楚峰心中一沉,他知道王敦一直忌惮自己兵权在握,如今借着北境战事,想趁机削夺自己的兵权。可国难当头,他也顾不上这些,只是抬头看向皇帝:“陛下,国难当前,个人安危与地域之分何足挂齿?臣麾下将士虽多为南方人,但个个都是悍不畏死的勇士,只要能为国效力,纵使赴汤蹈火,也在所不辞!还请陛下恩准!”

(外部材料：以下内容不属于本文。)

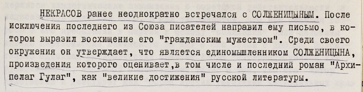 В справке КГБ, посвященной личности Некрасова, отмечается, что он неоднократно встречался с Солженицыным и восхищался его гражданским мужеством.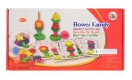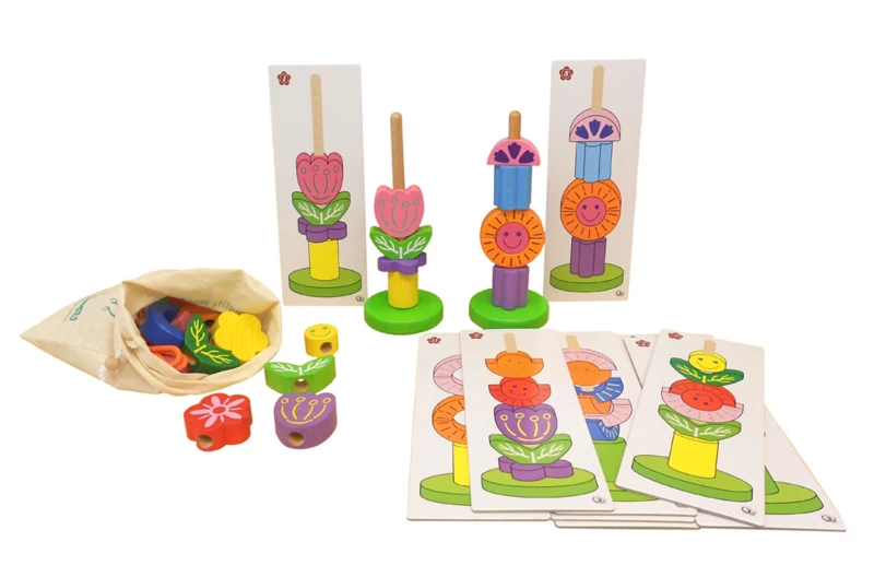 Volgorde spel waarbij je de bloemen op de voorbeeldkaarten na moet maken door gekleurde kralen op de houten pinnen te rijgen.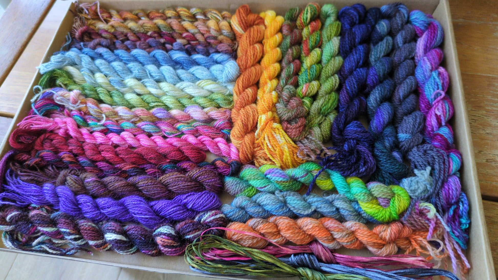 Assorted skeins of hand dyed silk threads,wool yarns, silk ribbons and raffia- a great mix of colours - Box03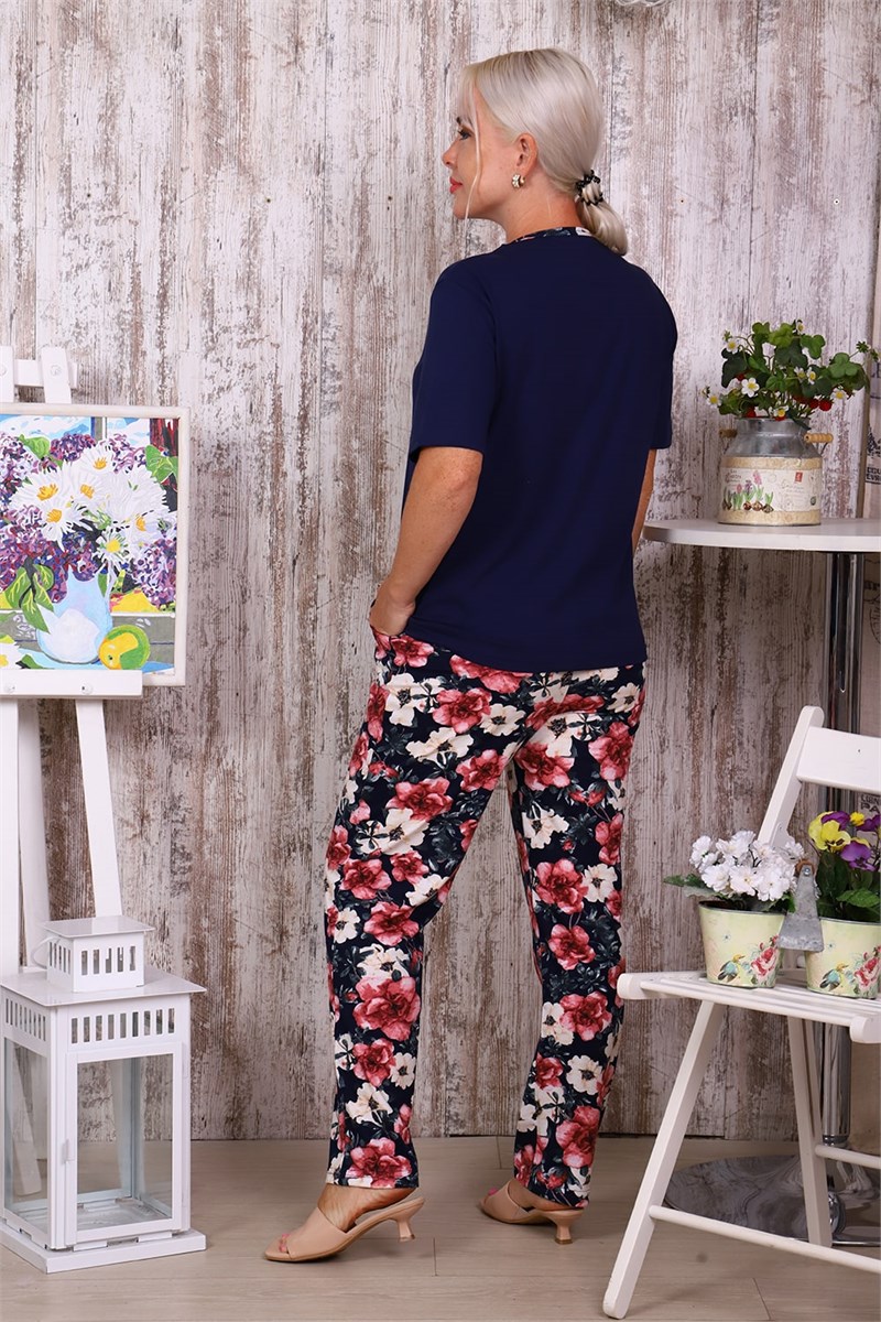 Костюм женский - футболка с ярким принтом и коротким рукавом и брюки. Горловина обработана кантом в цвет брюк. Брюки на поясе с боковыми карманами из цветной ткани. Низ брюк обработан плоским швом.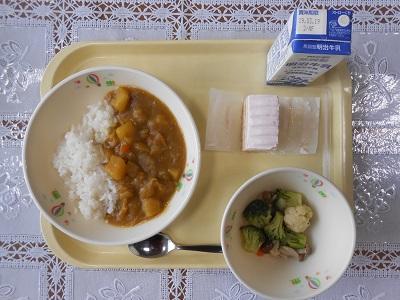 【給食メニュー】 チキンカレー、ブロッコリーとしめじサラダ、ケーキです。今日は卒業祝いメニューとしてケーキがつきました。3年生最後の給食を堪能してください。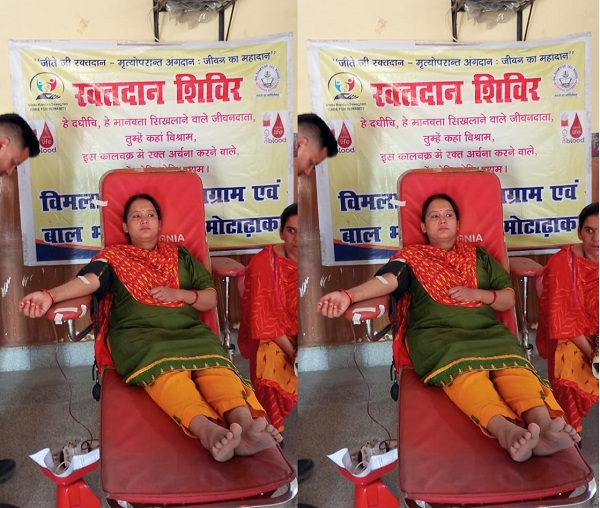 कोटद्वार। विमला कुंदन सेवाग्राम ट्रस्ट की ओर से रविवार को अंगदानी स्वर्गीय चंद्रकांता रावत एवं स्वर्गीय कुणाल रावत की स्मृति में आयोजित स्वैच्छिक रक्तदान शिविर में 69 रक्तदानियों ने रक्तदान किया। श्री महंत इंद्रेश हॉस्पिटल देहरादून के सहयोग से मोटाढांग स्थित बाल भारती सीनियर सेकेंडरी स्कूल में आयोजित स्वैच्छिक रक्तदान शिविर में 104 रक्तदानी रक्तदान करने पहुँचे जिसमें 25 लोग रक्तदान करने में असफल रहे और 69 लोगों ने सफलता पूर्वक रक्तदान किया। कार्यक्रम के दौरान आधारशिला रक्तदान फाउंडेशन ने अंगदानी परिवार के मुख्य गिरिराज सिंह रावत एवं उनके परिवार को अंगवस्त्र उड़ाकर तथा स्मृति चिन्ह भेंट कर सम्मानित किया। वहीं रक्तदान शिविर के दौरान मोहन फाउंडेशन ने रक्तदानियों को अंगदान के प्रति जागरूक किया जिसमें 30 रक्तदानियों ने अंगदान के लिए संकल्पित होकर संकल्प पत्र भरा। मोहन फाउंडेशन के प्रोजेक्ट लीडर संचित अरोड़ा ने जानकारी दी कि अंगदान के लिए संकल्प पत्र भरने वाले लोगो को बाद में कार्ड निर्गत किया जायेगा । कार्यक्रम में मृत्यु उपरांत नेत्रदान करने वाले स्वर्गीय मदन मोहन सुंद्रियाल के पुत्र विजय सुंद्रियाल व स्वर्गीय अशोक‌ भाटिया के भाई संजय भाटिया को सम्मानित किया गया ।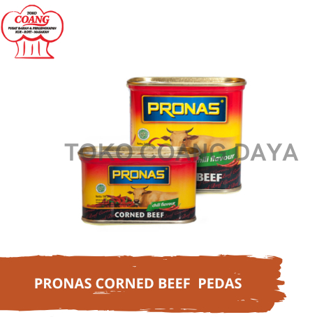 PRONAS Kornet Sapi Pedas adalah produk olahan daging sapi berkualitas yang dikemas dalam kaleng steril, menghasilkan rasa gurih pedas yang nikmat dan praktis sebagai bahan masakan sehari-hari.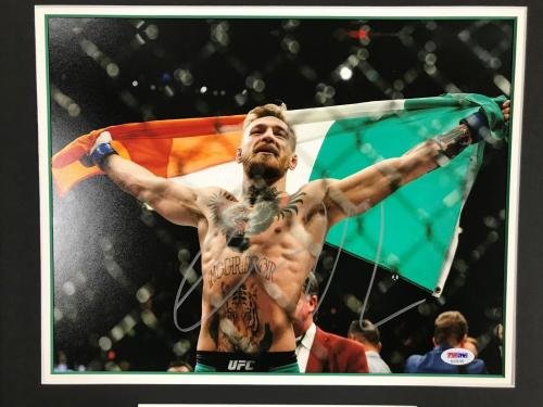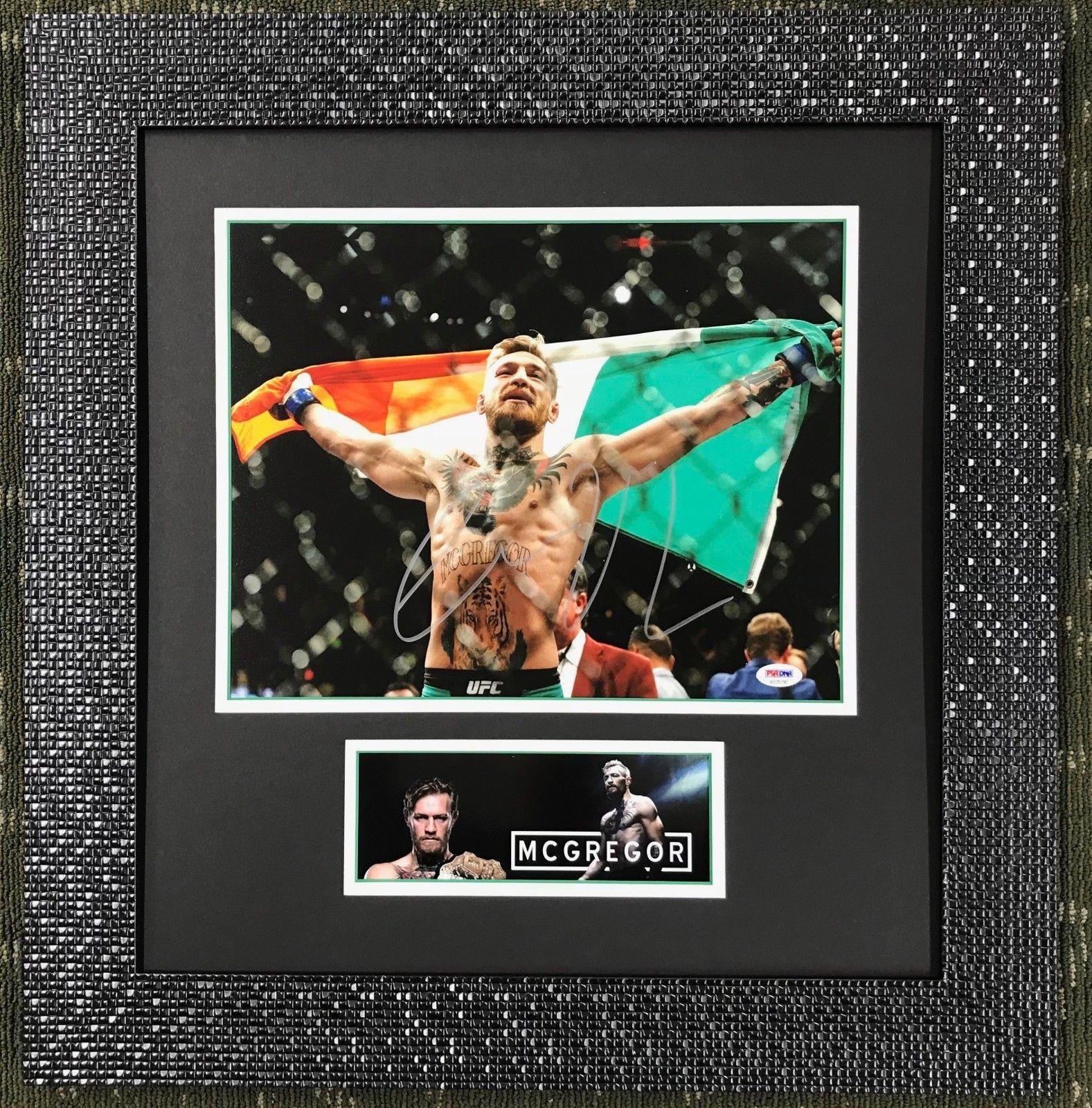 CONOR McGREGOR authentic signed Irish Flag 11×14 custom framed display PSA Conor McGregor memorabilia. memorabilia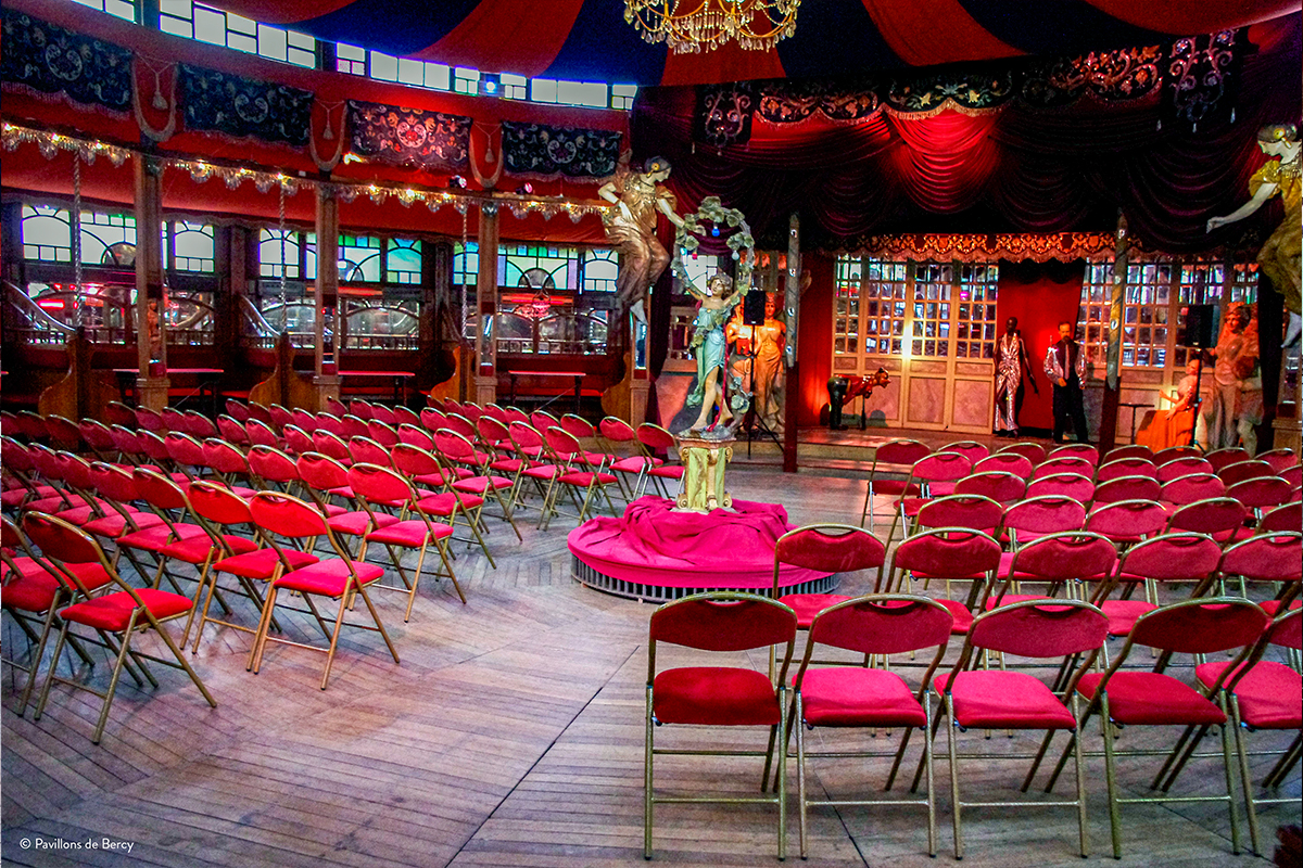 Cette dernière salle est arrivée aux Pavillons de Bercy en octobre 2014. Elle aura nécessité deux jours et demi de montage et plusieurs semaines d’aménagement. Aidé d’objets de sa collection, lambrequins aux perles de mercure, lustres et objets de curiosités, Jean Paul Favand a sublimé cette « tente à miroirs » en accentuant les jeux de reflets.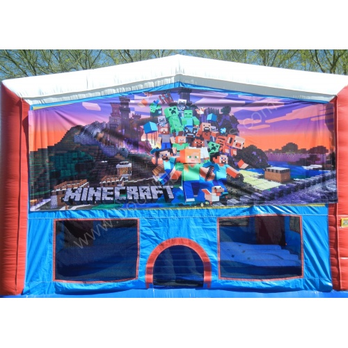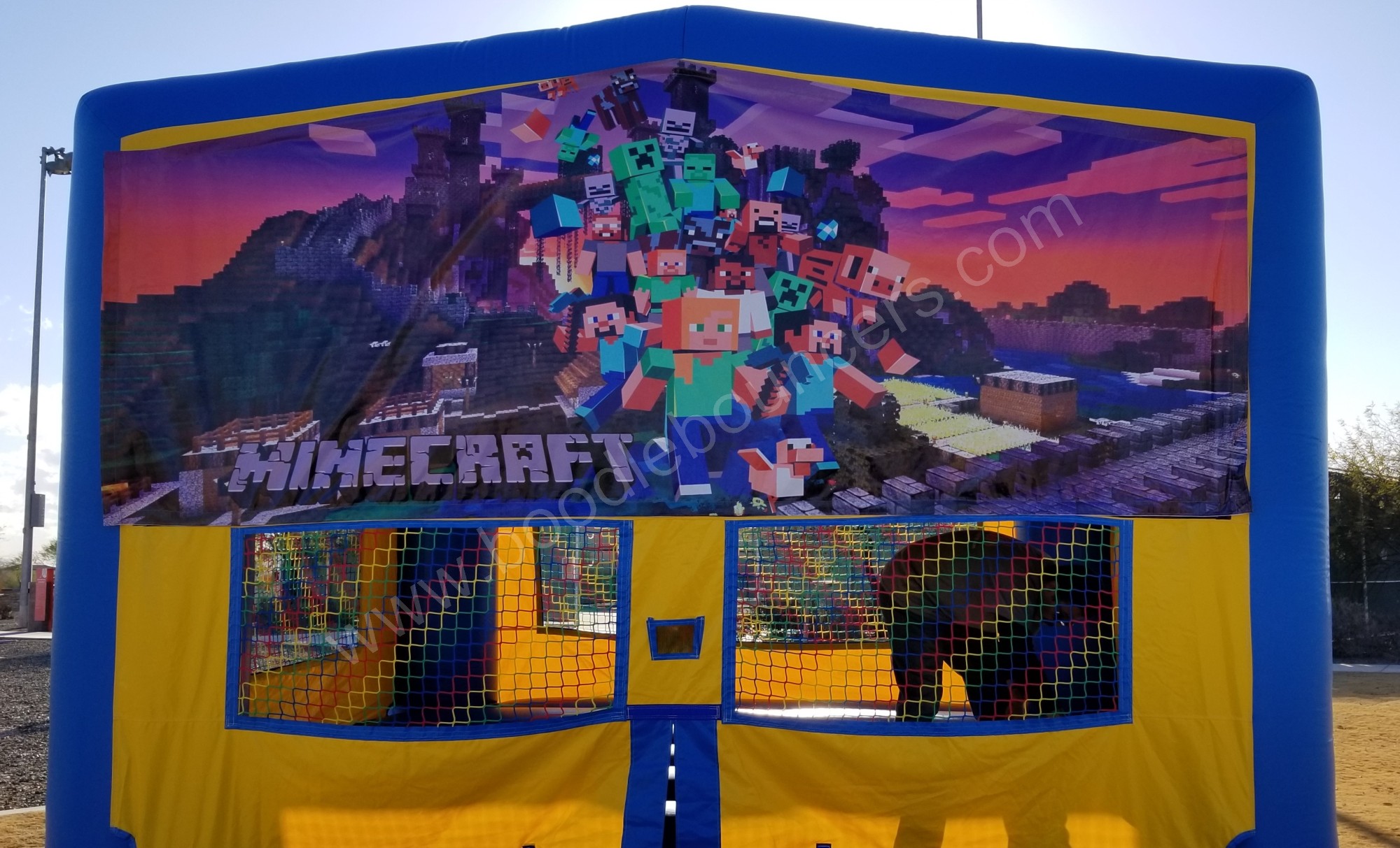Steven, Wolf, Creeper, Blaze, Enterman and friends, are waiting for you to join their journey creating hours of epic fun in the Minecraft panel module house. This 15' x 15' module bounce house also comes with a basketball hoop adding hours of fun to your adventure.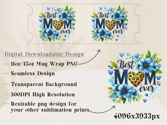 Best Mom Ever Mug Wrap PNG – 11oz & 15oz Sublimation Design – Blue Flower Gift → WHAT YOU GET AFTER PURCHASE • You will be able to instantly download high quality sublimation designs in PNG format. → Files will not contain watermarks → 300DPI Resolution → Design Dimensions: – For 11oz mug – 8,5 x 3,5 inches (2550x1050px) Transparent Background – For 15oz mug – 9 x 4 inches (2700x1200px) Transparent Background – For your other sublimation prints: 13,6×13,1 inches (4096x3933px) Transparent Background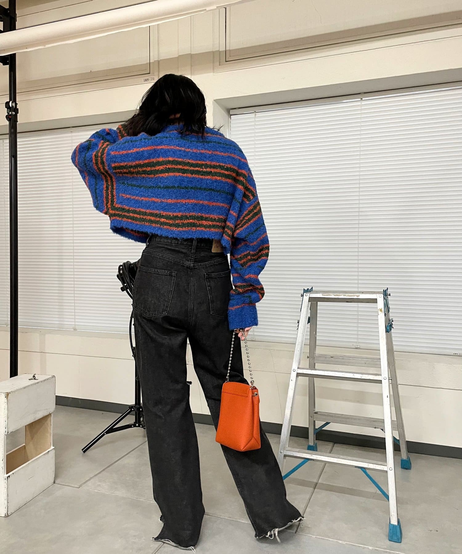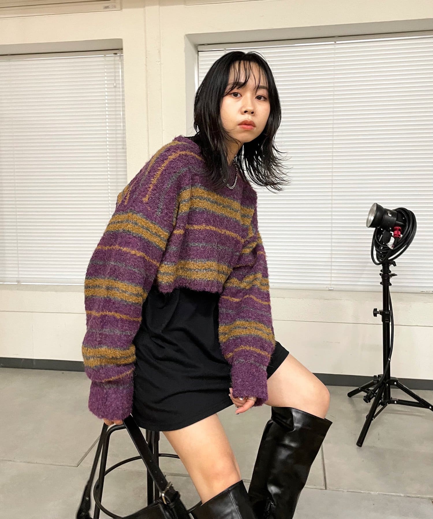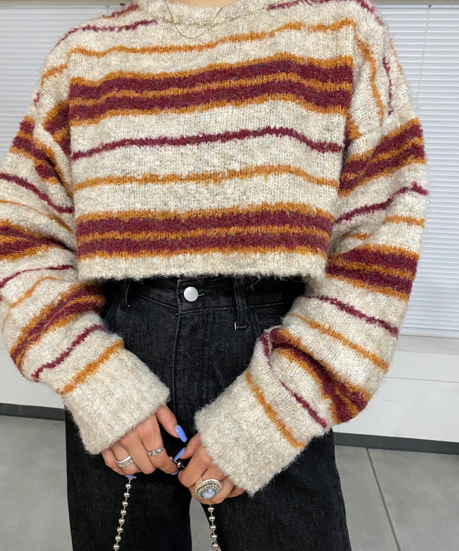 ・ショート丈の為、ハイウエストボトムは勿論、様々なボトムとバランスよく着られます。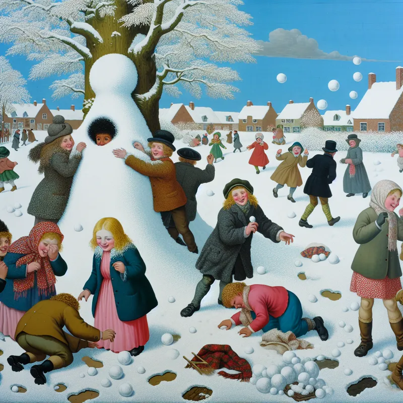 Een winterlandschap met een persoon die een grote rol met het label 'Plan' onder sneeuw verbergt terwijl anderen vrolijk schaatsen en sneeuwpoppen maken.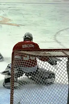 Bouchard played in the 1962 and 1963 Quebec International Pee-Wee Hockey Tournaments with his LaSalle youth team.[1] As a junior, Bouchard backstopped the Sorel Black Hawks to the 1969 Memorial Cup. Bouchard was drafted by the Boston Bruins in 1970, and after two years in the American Hockey League, made his NHL debut in 1972–73 after the Flames claimed him in the 1972 NHL Expansion Draft.[2] After eight seasons in Atlanta, the Flames franchise relocated to Calgary, Alberta in the summer of 1980. Halfway through the 1980–81 season, Bouchard was traded to the Quebec Nordiques for Jamie Hislop; at the time of the trade, Bouchard was the last original Atlanta Flames player still with the organization. He then led Quebec to their first playoff appearance since the 1979 NHL–WHA merger.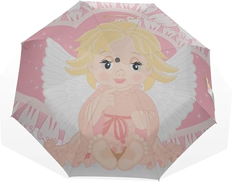 Amazon Com Travel Umbrella Cute Little Girl With Butterfly Wings Anti Uv Compact 3 Fold Art Lightweight Foldable Umbrellas Outside Printing Windproof Rain Sun Protection Umbrellas For Women Girls Kids
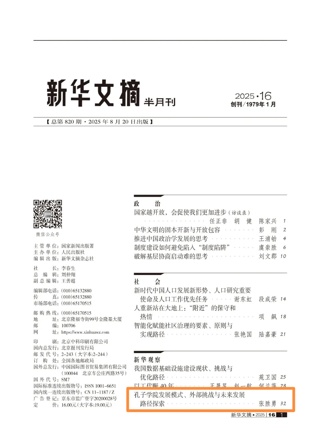 2025年第16期《新华文摘》全文转载BB电子游戏官网外国语学院张胜勇副教授撰写的《孔子学院发展模式、外部挑战与未来发展路径探索》一文。该论文原发于CSSCI来源期刊《四川师范大学学报(社会科学版)》。论文从区域国别学视角出发,聚焦孔子学院的现有发展模式,重点分析其协同发展、数字化赋能、特色化发展、海外中文教育体系和标准化建设。论文指出孔子学院面临着复杂的社会环境、负面舆情、人员派出难等挑战,孔子学院应通过扩展“中文+职业技能”影响边界、持续优化生态圈、制定本土化发展策略、发展国别研究和建设高端智库等措施进行积极应对。 《新华文摘》由国家新闻出版署主管、人民出版社主办,是大型理论性、综合性、资料性文摘类权威期刊,是我国学术界公认的权威二次文献之一,具有较高的学术地位和广泛的影响力。能被其全文转载的文章,通常被认为是该学科领域的重要成果,其学术价值等同于在顶级期刊发表的论文。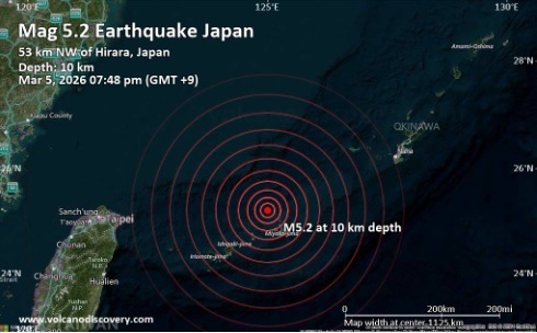 5일 일본서 발생한 지진, 자료=볼케이노 디스커버리, 2026.03.05 koinwon@newspim.com

李雄看着楚峰,又看了看王敦,面露犹豫。他知道楚峰忠心耿耿,可王敦的话也并非没有道理。西南确实重要,若是楚峰离开,万一出了乱子,后果不堪设想。可北境失守,若不尽快收复,敌寇长驱直入,后果更是严重。
就在这时,又有一名太监匆匆进来禀报:“陛下,北境又有急报传来,雁门关失守后,敌寇一路南下,已经攻占了云州城,城中百姓…… 百姓死伤惨重啊!”
这消息如同雪上加霜,李雄的脸色更加难看。他咬了咬牙,正要下令让楚峰出征,王敦却再次开口:“陛下,此事蹊跷啊。”
“哦?丞相有何高见?” 李雄看向他。
王敦躬身道:“雁门关地势险要,易守难攻,张将军麾下三万将士皆是精锐,怎么会如此轻易失守?而且敌寇似乎对我军的部署了如指掌,这其中怕是有猫腻。”他说到这里,故意停顿了一下,目光在楚峰身上打转,“臣听闻,楚将军与北境敌寇的首领早年有过交集,不知此事是否属实?”
楚峰闻言,勃然大怒:“王敦!你休要血口喷人!当年我随先父出征,曾与那敌首交手,何来交集之说?你这是故意污蔑!”
“楚将军息怒,” 王敦故作镇定地说,“臣只是随口一说,并无他意。只是如今事态严重,不得不谨慎行事。万一…… 万一军中出了内奸,与敌寇勾结,那我大成可就真的危在旦夕了。”
他的话像是一颗毒种子,瞬间在百官心中扎了根。